Anyone interested in the topic may want to check out French Colonial Cooking: A Cooks Tour of the French Speaking World by David Burton. I just picked up a used copy but have not had the chance to open it yet.

French Colonial Cooking

Edited to include: I just checked the Amazon offer in more detail and see that their used booksellers want a ridiculous $58 for this book. I found it on www.half.com for $10 so if you are interested search a bit. mk

Edited by DCMark (log)
Posted

Lucy-

To throw the question back at you what have you seen in France that you would identify as having an Asian influence? Dishes? Recipes? Have you seen any restaurants, grocery stores in Lyon? Ptipois mentioned Paris. But there is Paris and then the rest of France, so to speak.

I can be reached via email chefzadi AT gmail DOT com

Dean of Culinary Arts

Ecole de Cuisine: Culinary School Los Angeles

http://ecolecuisine.com

Posted
Lucy-

To throw the question back at you what have you seen in France that you would identify as having an Asian influence? Dishes? Recipes? Have you seen any restaurants, grocery stores in Lyon? Ptipois mentioned Paris. But there is Paris and then the rest of France, so to speak.

Well, basically, I've been going through the recipes in Ducasse's Spoon cookbook...

The Chutney d'Algues contains altogether a group of things that I class very simply in my mind, but I wonder if there is something more behind my reading. Let me give an example. I see:

algues (rouge, blanc, vert) au sel / salted seaweed

capres

puree de wasabi

moutarde de dijon

vinaigre de xeres / sherry vinegar

huile de pepins de raisin / grapeseed oil

puree d'olive

fumet de poisson / fish stock

badiane / star anise

Tabasco

I think - tapenade - made with seaweed, capers, and olives, spiced up with mustards and spices from a variety of places. Obvious Japanese almost stereotypical ingredients.

We used to play a game as children where we'd identify things that didn't fall in a pattern although they could fall in the group. And I see the star anise as falling in that category, just being "kind of the same" but not quite.

And what about the name chutney? Is this just a convenient name that's named after a chunky sauce with a lot of spice and some acidity? Why not call it a salsa or a tapenade?

What am I learning from this as I work through these amalgams ? Is there a method somewhere in this? A reference or simply a lack of one? When it comes down to the recipes, I think that sometimes they're good, sometimes they’re useful. But sometimes I wonder if the recipes were created for a kind of linguistic reason, to pull people mentally in different directions and present a snapshot of inspiration, and not necessarily about taste or use in cooking. And yet at the same time there are the tables and combinations, and breaking things down into elements. Things are presented quite formally.

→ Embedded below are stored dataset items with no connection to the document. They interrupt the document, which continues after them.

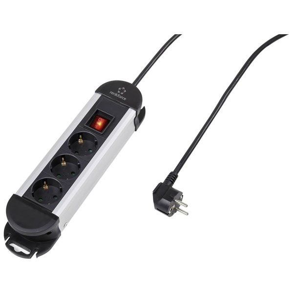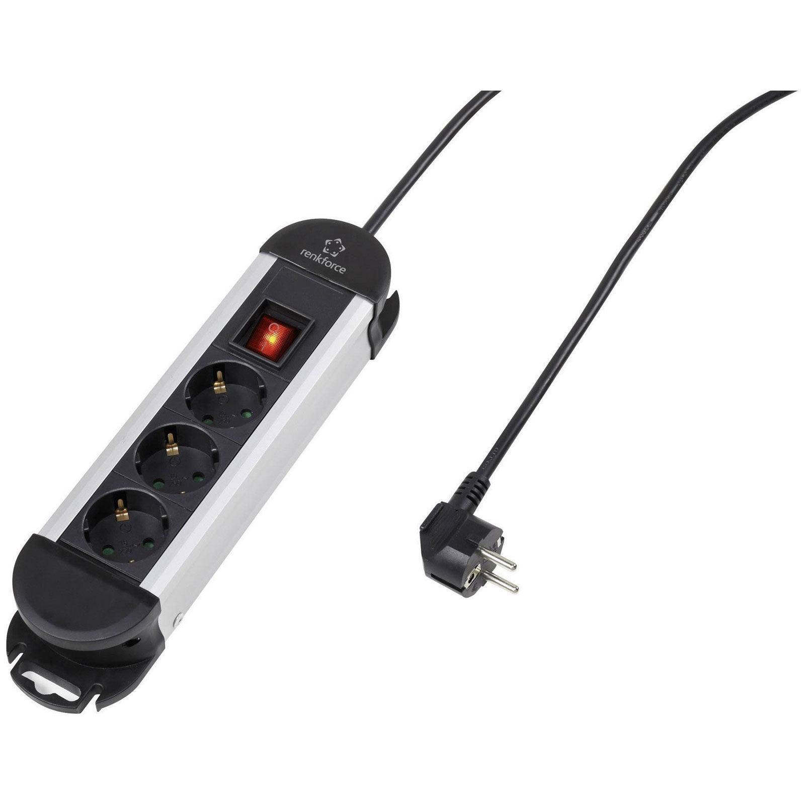 The Renkforce 315A-CMB power strip features three black and silver sockets with a switch, ideal for controlling multiple devices. Manufactured by Renkforce, this power strip is designed with a PG connector for secure connections. It is typically used in office or home settings to manage power distribution efficiently.
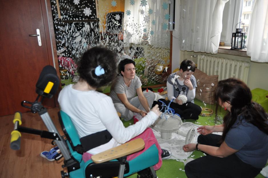 np. Sali Doświadczania Świata, Sali Integracji Sensorycznej. Podopieczni korzystają również z hydroterapii i basenu kulkowego.
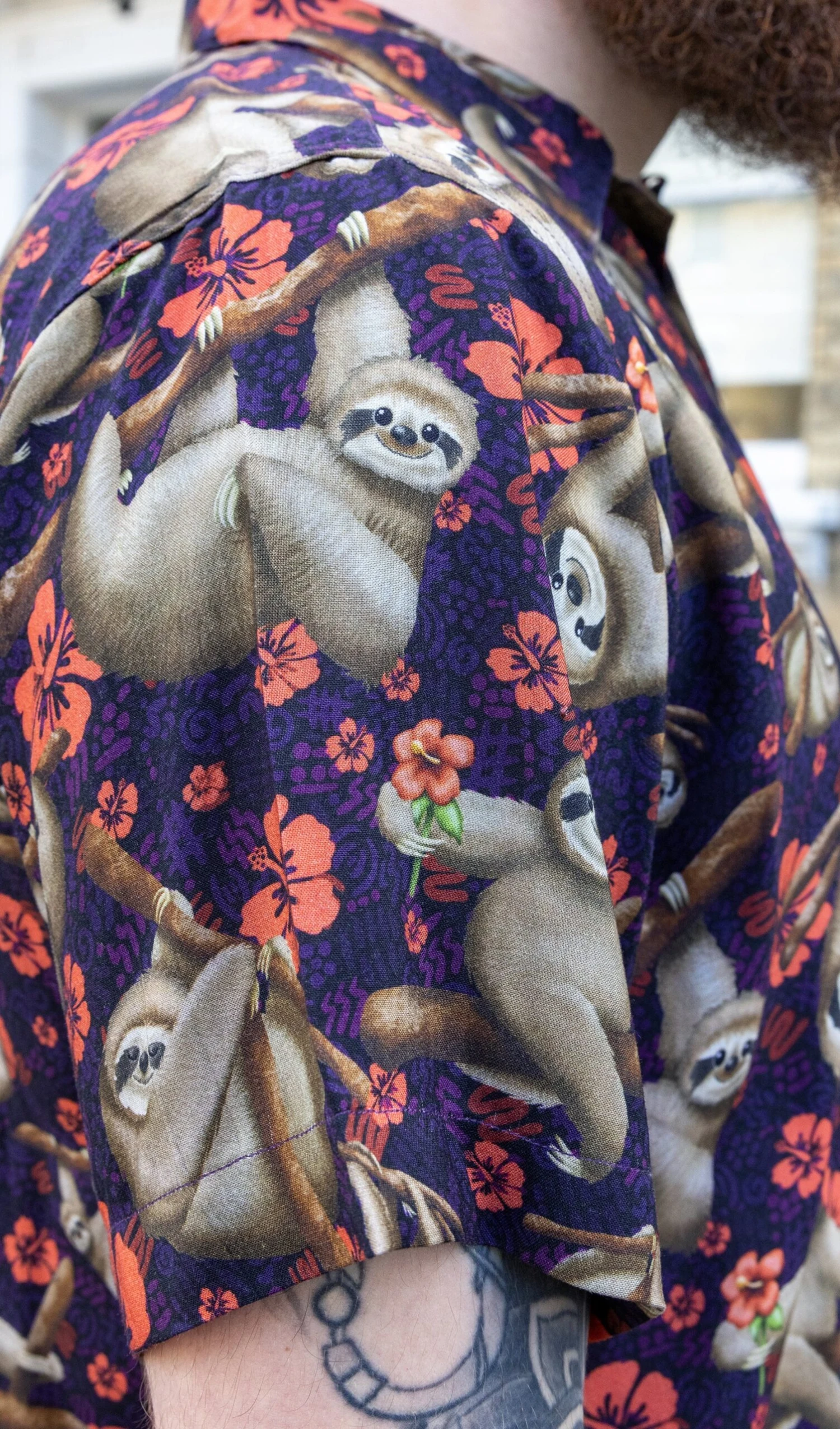 Take your chill to the next level with this stylish Island Time Sloth Short Sleeve Rayon Shirt! Comfortable and slim-fitting, this is one shirt made to be worn on beach days and lazy afternoons.

The vast compendium of recipes presents in the beginning a table of "conjugaison" (which is translated into English as "to combine" but I'm not sure these can be considered equivalent terms especially considering the cultural context), it's as if these recipes represent a basic standard upon which we can (and should, and are correct to) build. But I want to know what are we building on and how much will I be able to rely on these recipes as I build on the groups and develop repertoires from this?

Posted
Anyone interested in the topic may want to check out French Colonial Cooking: A Cooks Tour of the French Speaking World by David Burton.  I just picked up a used copy but have not had the chance to open it yet.

French Colonial Cooking

Edited to include: I just checked the Amazon offer in more detail and see that their used booksellers want a ridiculous $58 for this book.  I found it on www.half.com for $10 so if you are interested search a bit.  mk

This may be something interesting to look at. Thank you Mark. The different cultural references that have worked into the French mainstream definitely have their path of least resistance from this. It will be useful to look through it. If you get it before I do, please share your impressions from the book.

Posted (edited)

Lucy-

I only see one Japanese ingredient, wasabi. Algues has been used in French cooking for a long time. As long as man has roamed the earth he has eaten basically whatever he could find that was edible. Algue is found outside of Asian waters. I don't know if the algues that Ducasse specifies is a Japanese version. My point is the use of algues was already known to the French, the Japanese simply introduced a different version.

In regards to Ducasse's cookbook. I haven't seen a copy of it. But I'm probably safe in saying that it is a collection of his recipes and not meant to be a "class" on cooking techniques.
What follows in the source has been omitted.